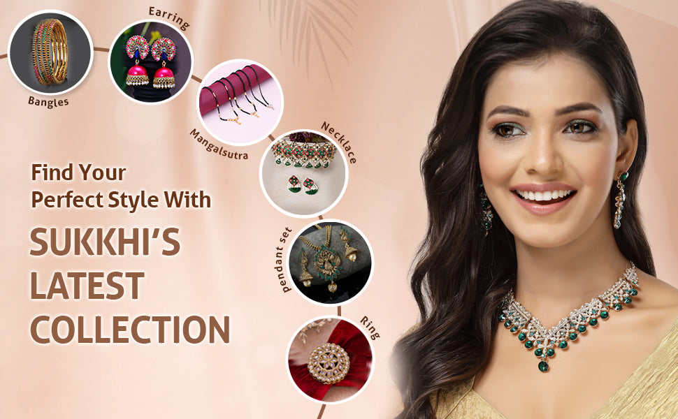 Sukkhi Inspiring Fashionable AD Stone Diamond Studded Gold Plated Green Choker Necklace with Dangle Earring Jewellery Set For Women & Girls|NS107352|Make a statement with the Sukkhi Inspiring Fashionable Gold Plated Green Choker Necklace set, featuring sparkling AD Stone diamond accents. This exquisite set includes matching dangle earrings that complement the choker’s elegant design. The gold plating adds a warm tone that highlights the vibrant green stones, creating a captivating look perfect for festive occasions and special events. Designed for women and girls who love eye-catching accessories, this jewellery set combines traditional charm with contemporary style. Add this set to your collection to enhance your ethnic outfits with a touch of brilliance and sophistication that stands out effortlessly.
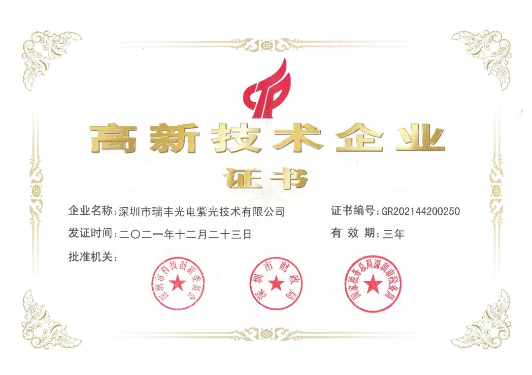 瑞豐光電全資子公司瑞豐紫光技術(shù)通過(guò)國(guó)家高新技術(shù)企業(yè)認(rèn)定
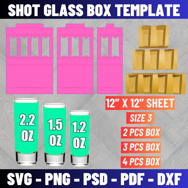 1 5 Oz and 1 2 Oz Shot Glass Box Template SVG Digital Download Etsy
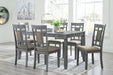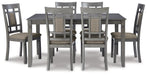 Make a dynamic statement with this dining set. Nothing says "cool" quite like its charcoal gray finish and the open lattice-back design on the six included chairs. With the sturdily made leg table and easy-to-clean polyester fabric on the chair, this set is suitably stylish and functional.
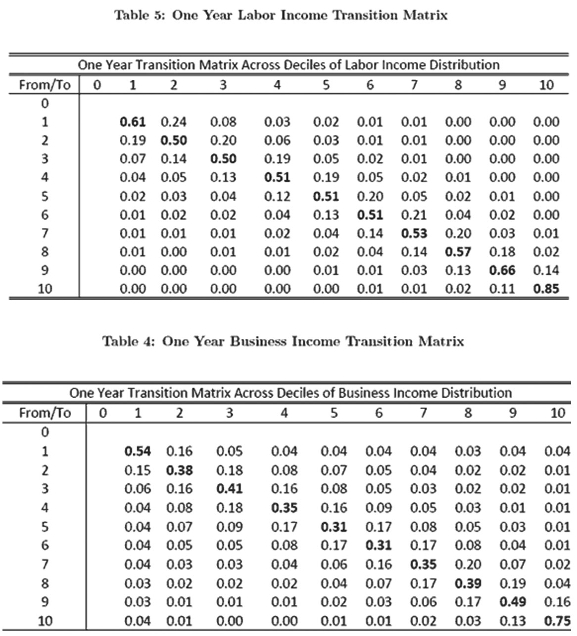 Les revenus sont classés en 10 groupes. On y voit que si l‘on est salarié (première matrice) et qu’on figure dans le décile de revenus les plus bas, on a 61 chances sur 100 d’y rester, mais qu’il n’y a qu’une chance sur 100 d’aller au 7ème décile et moins de 1% d’aller au-dessus, alors qu’un entrepreneur (seconde matrice) a encore 4 chances sur 100 de parvenir en 1 an au niveau de revenu le plus élevé.
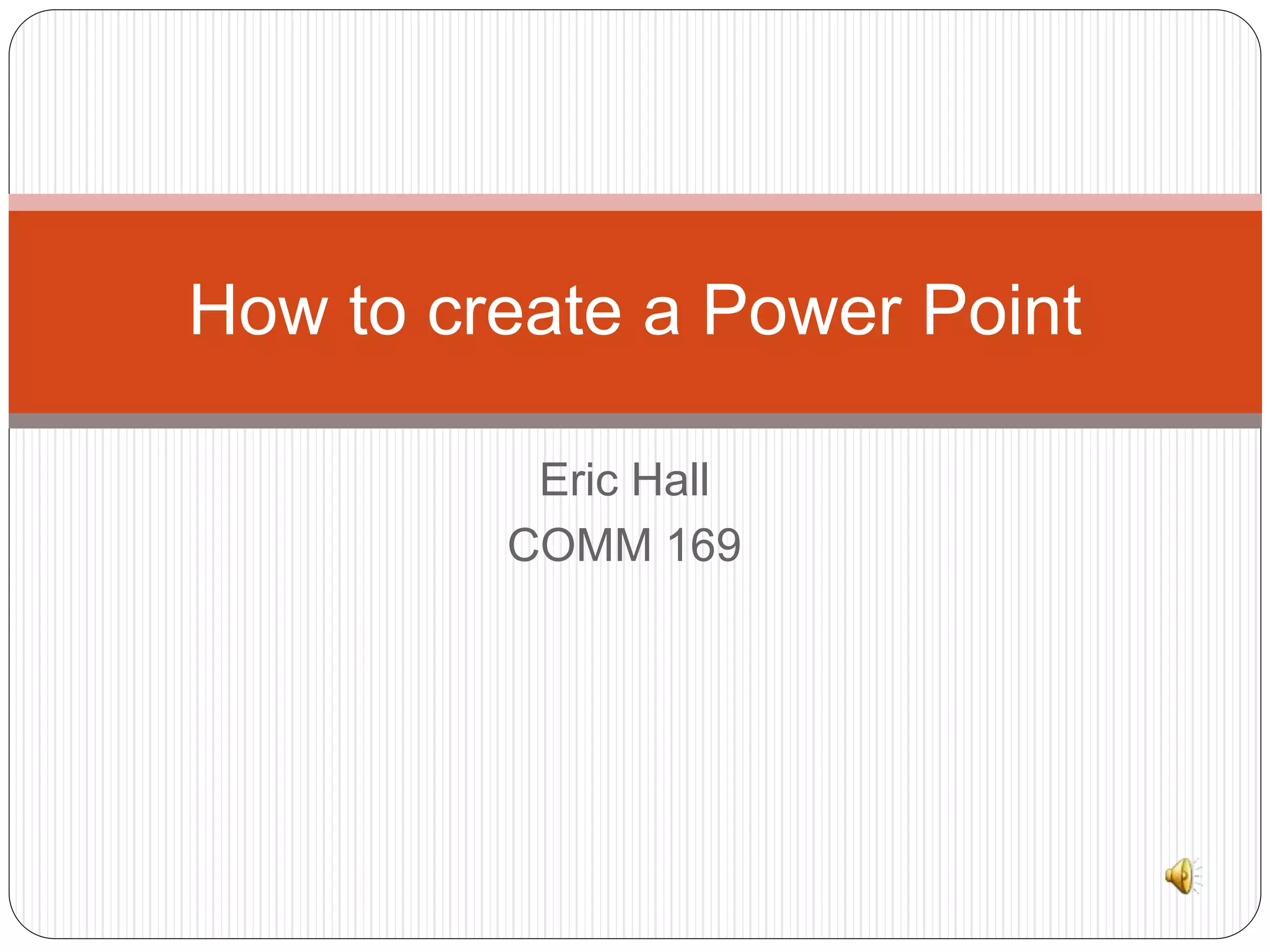 To create a PowerPoint presentation, first open PowerPoint by clicking the Windows icon and selecting the PowerPoint app. This will start a new, blank presentation. The document then outlines how to add text, slides, images, animation, and save the presentation. Steps include clicking the design tab to change themes, clicking text boxes to add titles and body text, using the home tab or right-click menu to add slides, inserting pictures using the insert tab, and saving using the floppy disk icon.

Problem details: When copying the data above, repeat every word exactly and drop the pictures.

Problem solution:
 Sukkhi Inspiring Fashionable AD Stone Diamond Studded Gold Plated Green Choker Necklace with Dangle Earring Jewellery Set For Women & Girls|NS107352|Make a statement with the Sukkhi Inspiring Fashionable Gold Plated Green Choker Necklace set, featuring sparkling AD Stone diamond accents. This exquisite set includes matching dangle earrings that complement the choker’s elegant design. The gold plating adds a warm tone that highlights the vibrant green stones, creating a captivating look perfect for festive occasions and special events. Designed for women and girls who love eye-catching accessories, this jewellery set combines traditional charm with contemporary style. Add this set to your collection to enhance your ethnic outfits with a touch of brilliance and sophistication that stands out effortlessly.
 瑞豐光電全資子公司瑞豐紫光技術(shù)通過(guò)國(guó)家高新技術(shù)企業(yè)認(rèn)定
 1 5 Oz and 1 2 Oz Shot Glass Box Template SVG Digital Download Etsy
 Make a dynamic statement with this dining set. Nothing says "cool" quite like its charcoal gray finish and the open lattice-back design on the six included chairs. With the sturdily made leg table and easy-to-clean polyester fabric on the chair, this set is suitably stylish and functional.
 Les revenus sont classés en 10 groupes. On y voit que si l‘on est salarié (première matrice) et qu’on figure dans le décile de revenus les plus bas, on a 61 chances sur 100 d’y rester, mais qu’il n’y a qu’une chance sur 100 d’aller au 7ème décile et moins de 1% d’aller au-dessus, alors qu’un entrepreneur (seconde matrice) a encore 4 chances sur 100 de parvenir en 1 an au niveau de revenu le plus élevé.
 To create a PowerPoint presentation, first open PowerPoint by clicking the Windows icon and selecting the PowerPoint app. This will start a new, blank presentation. The document then outlines how to add text, slides, images, animation, and save the presentation. Steps include clicking the design tab to change themes, clicking text boxes to add titles and body text, using the home tab or right-click menu to add slides, inserting pictures using the insert tab, and saving using the floppy disk icon.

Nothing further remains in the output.